The records that follow are to be repeated exactly, with no pictures carried over.
=== DATA PROVIDED ===
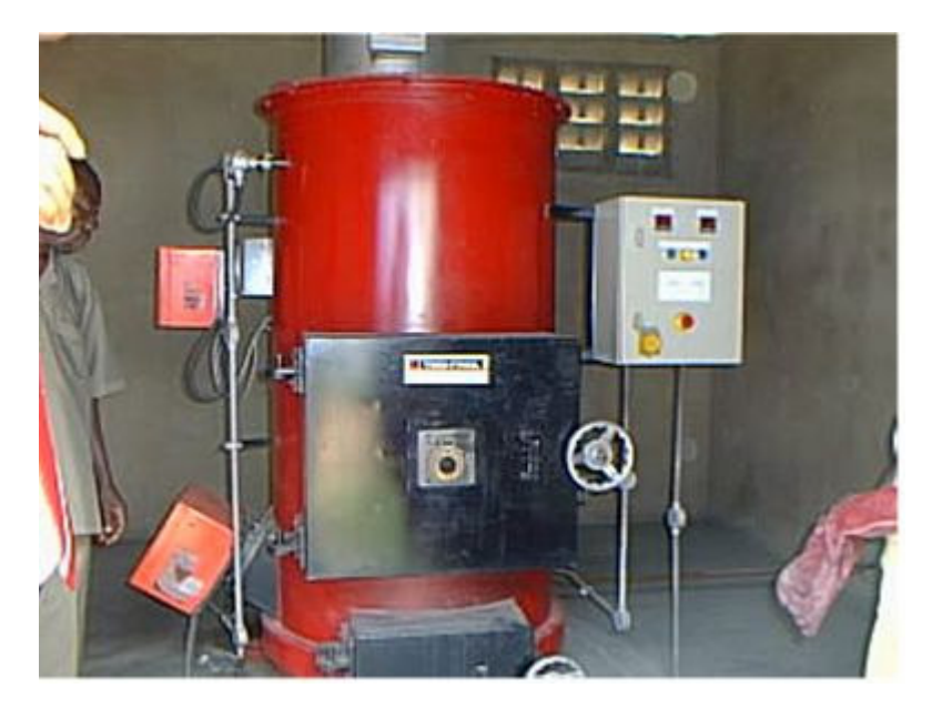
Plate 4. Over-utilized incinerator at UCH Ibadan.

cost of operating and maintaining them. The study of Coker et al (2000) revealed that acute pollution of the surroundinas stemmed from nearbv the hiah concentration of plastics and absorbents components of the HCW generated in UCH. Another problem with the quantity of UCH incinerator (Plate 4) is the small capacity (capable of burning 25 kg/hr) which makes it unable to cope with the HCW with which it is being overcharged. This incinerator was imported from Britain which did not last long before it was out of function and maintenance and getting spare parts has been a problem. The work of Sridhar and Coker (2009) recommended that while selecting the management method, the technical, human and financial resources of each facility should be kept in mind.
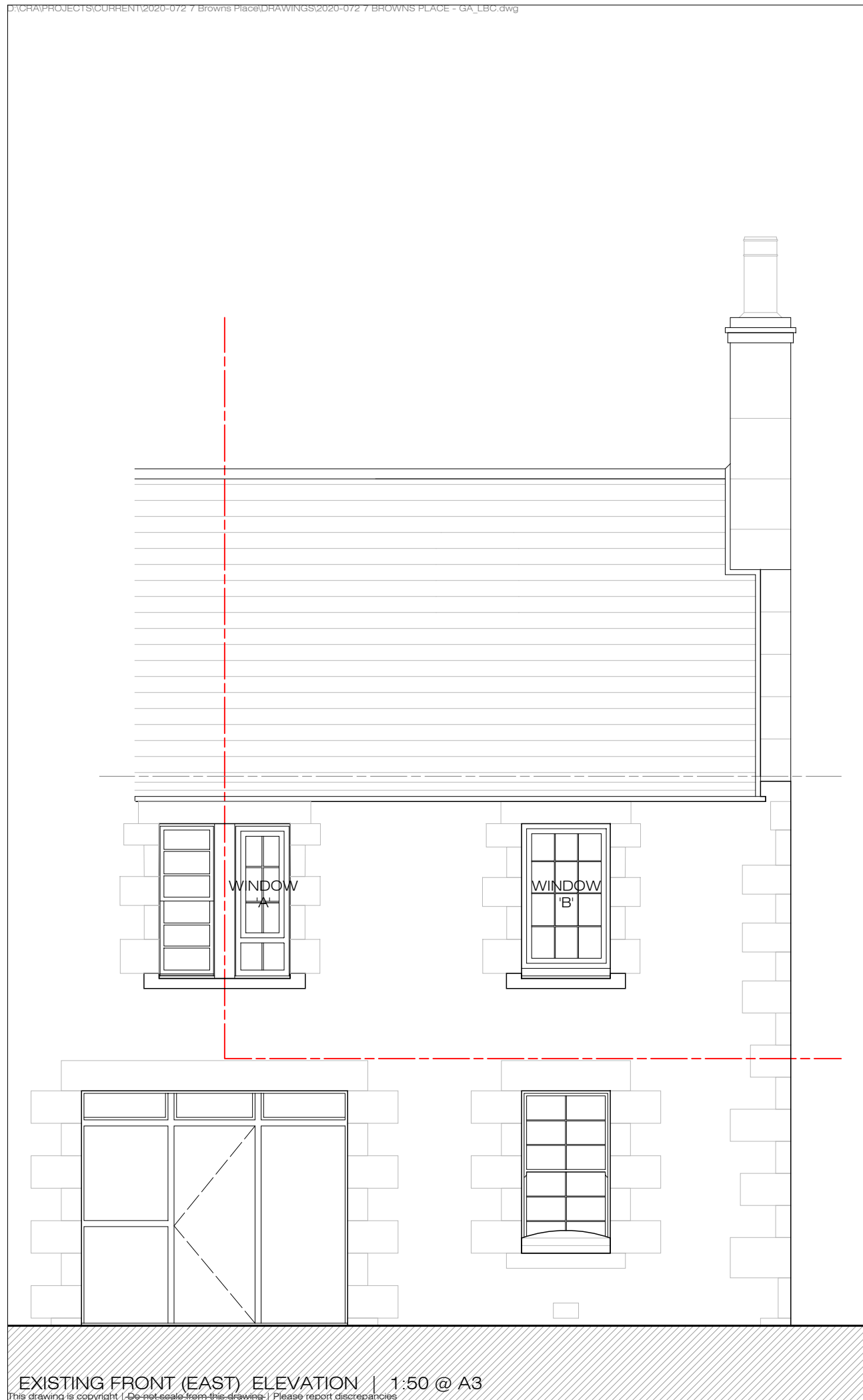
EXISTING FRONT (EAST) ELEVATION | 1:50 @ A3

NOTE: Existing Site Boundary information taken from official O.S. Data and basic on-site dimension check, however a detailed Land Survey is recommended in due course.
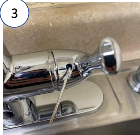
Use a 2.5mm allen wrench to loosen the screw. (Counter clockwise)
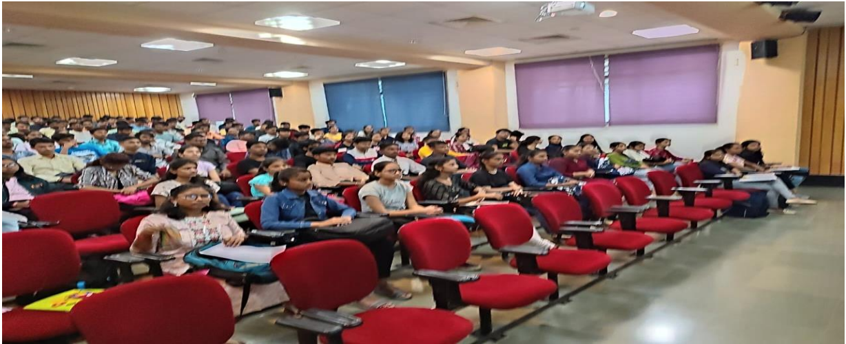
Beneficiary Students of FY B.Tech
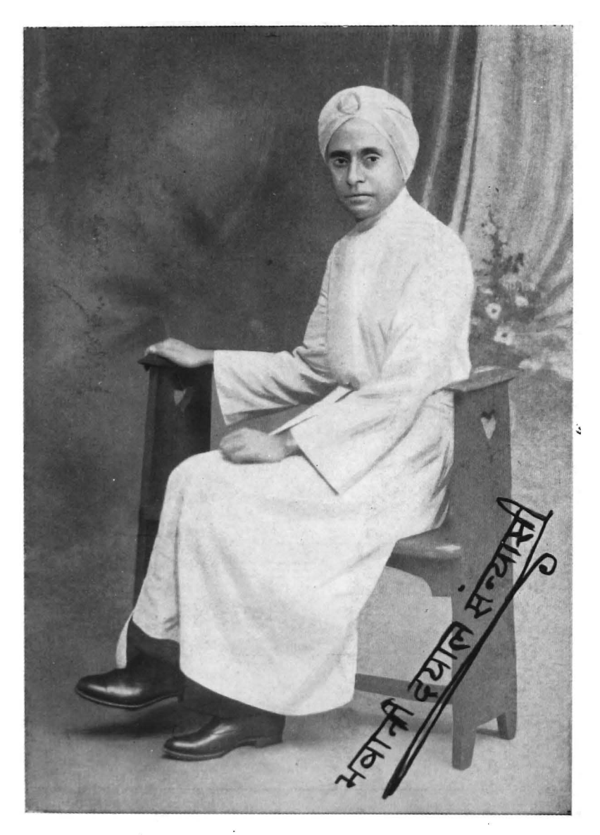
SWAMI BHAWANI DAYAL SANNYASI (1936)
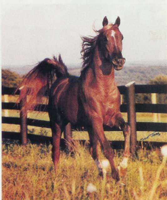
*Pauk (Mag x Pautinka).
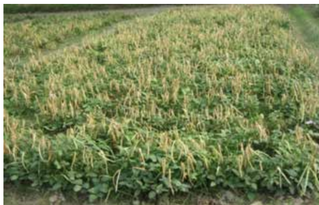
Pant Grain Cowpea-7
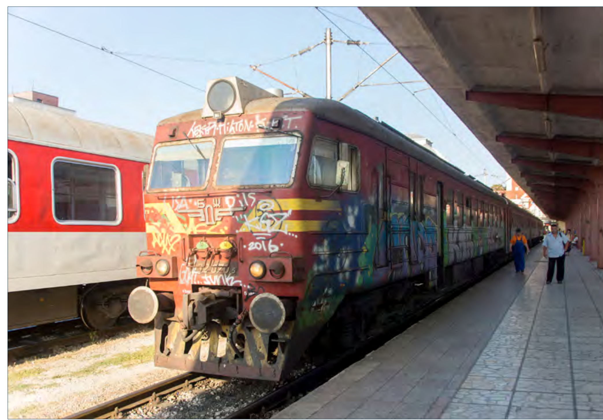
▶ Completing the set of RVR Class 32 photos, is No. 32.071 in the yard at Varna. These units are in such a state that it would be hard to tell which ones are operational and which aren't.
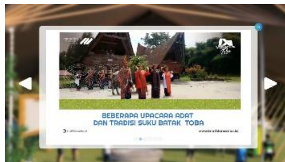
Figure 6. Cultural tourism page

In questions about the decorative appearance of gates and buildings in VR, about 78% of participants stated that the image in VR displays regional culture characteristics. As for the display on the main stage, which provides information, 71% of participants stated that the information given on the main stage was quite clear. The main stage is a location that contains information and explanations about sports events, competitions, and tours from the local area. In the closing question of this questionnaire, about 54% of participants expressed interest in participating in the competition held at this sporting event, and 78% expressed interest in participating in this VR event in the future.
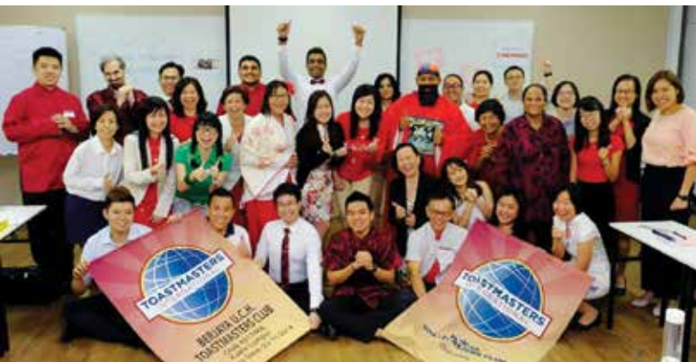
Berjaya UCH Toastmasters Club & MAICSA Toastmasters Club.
===
— YOUR SOLUTION —
Plate 4. Over-utilized incinerator at UCH Ibadan.

cost of operating and maintaining them. The study of Coker et al (2000) revealed that acute pollution of the surroundinas stemmed from nearbv the hiah concentration of plastics and absorbents components of the HCW generated in UCH. Another problem with the quantity of UCH incinerator (Plate 4) is the small capacity (capable of burning 25 kg/hr) which makes it unable to cope with the HCW with which it is being overcharged. This incinerator was imported from Britain which did not last long before it was out of function and maintenance and getting spare parts has been a problem. The work of Sridhar and Coker (2009) recommended that while selecting the management method, the technical, human and financial resources of each facility should be kept in mind.
EXISTING FRONT (EAST) ELEVATION | 1:50 @ A3

NOTE: Existing Site Boundary information taken from official O.S. Data and basic on-site dimension check, however a detailed Land Survey is recommended in due course.
Use a 2.5mm allen wrench to loosen the screw. (Counter clockwise)
Beneficiary Students of FY B.Tech
SWAMI BHAWANI DAYAL SANNYASI (1936)
*Pauk (Mag x Pautinka).
Pant Grain Cowpea-7
▶ Completing the set of RVR Class 32 photos, is No. 32.071 in the yard at Varna. These units are in such a state that it would be hard to tell which ones are operational and which aren't.
Figure 6. Cultural tourism page

In questions about the decorative appearance of gates and buildings in VR, about 78% of participants stated that the image in VR displays regional culture characteristics. As for the display on the main stage, which provides information, 71% of participants stated that the information given on the main stage was quite clear. The main stage is a location that contains information and explanations about sports events, competitions, and tours from the local area. In the closing question of this questionnaire, about 54% of participants expressed interest in participating in the competition held at this sporting event, and 78% expressed interest in participating in this VR event in the future.
Berjaya UCH Toastmasters Club & MAICSA Toastmasters Club.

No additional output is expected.